*Given material*
□ □ □ □ □
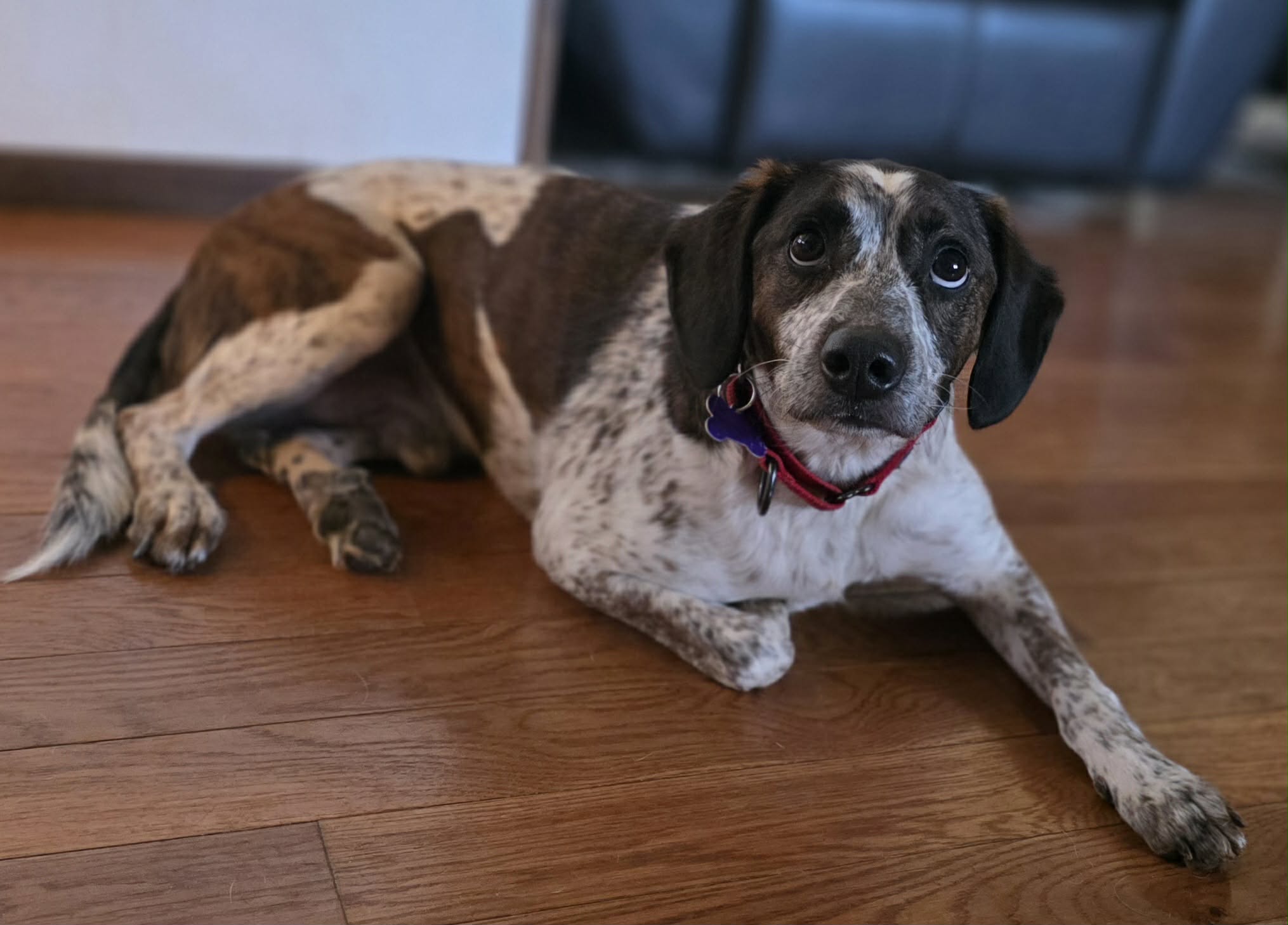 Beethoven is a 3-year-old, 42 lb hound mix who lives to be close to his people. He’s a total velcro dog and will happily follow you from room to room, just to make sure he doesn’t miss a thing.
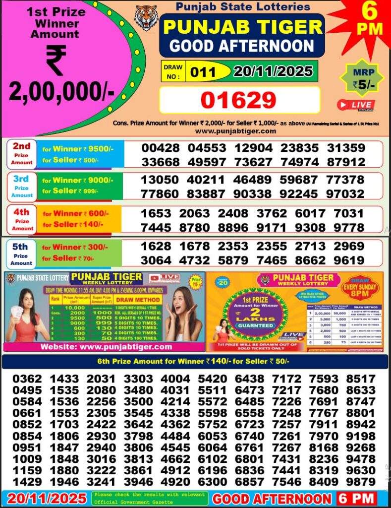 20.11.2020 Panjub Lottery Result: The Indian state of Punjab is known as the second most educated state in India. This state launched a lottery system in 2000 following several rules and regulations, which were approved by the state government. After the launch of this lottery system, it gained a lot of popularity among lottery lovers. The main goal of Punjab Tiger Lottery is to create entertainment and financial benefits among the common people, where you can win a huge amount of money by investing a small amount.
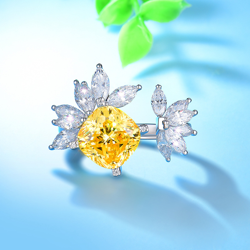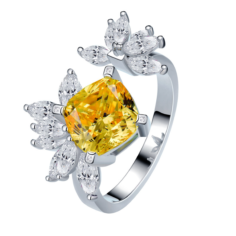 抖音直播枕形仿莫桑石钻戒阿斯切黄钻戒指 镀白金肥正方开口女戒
□ □ □ □ □
*Exercise*
The expected result is the complete listing above, printed exactly, with no pictures.

*Reply*
 Beethoven is a 3-year-old, 42 lb hound mix who lives to be close to his people. He’s a total velcro dog and will happily follow you from room to room, just to make sure he doesn’t miss a thing.
 20.11.2020 Panjub Lottery Result: The Indian state of Punjab is known as the second most educated state in India. This state launched a lottery system in 2000 following several rules and regulations, which were approved by the state government. After the launch of this lottery system, it gained a lot of popularity among lottery lovers. The main goal of Punjab Tiger Lottery is to create entertainment and financial benefits among the common people, where you can win a huge amount of money by investing a small amount.
 抖音直播枕形仿莫桑石钻戒阿斯切黄钻戒指 镀白金肥正方开口女戒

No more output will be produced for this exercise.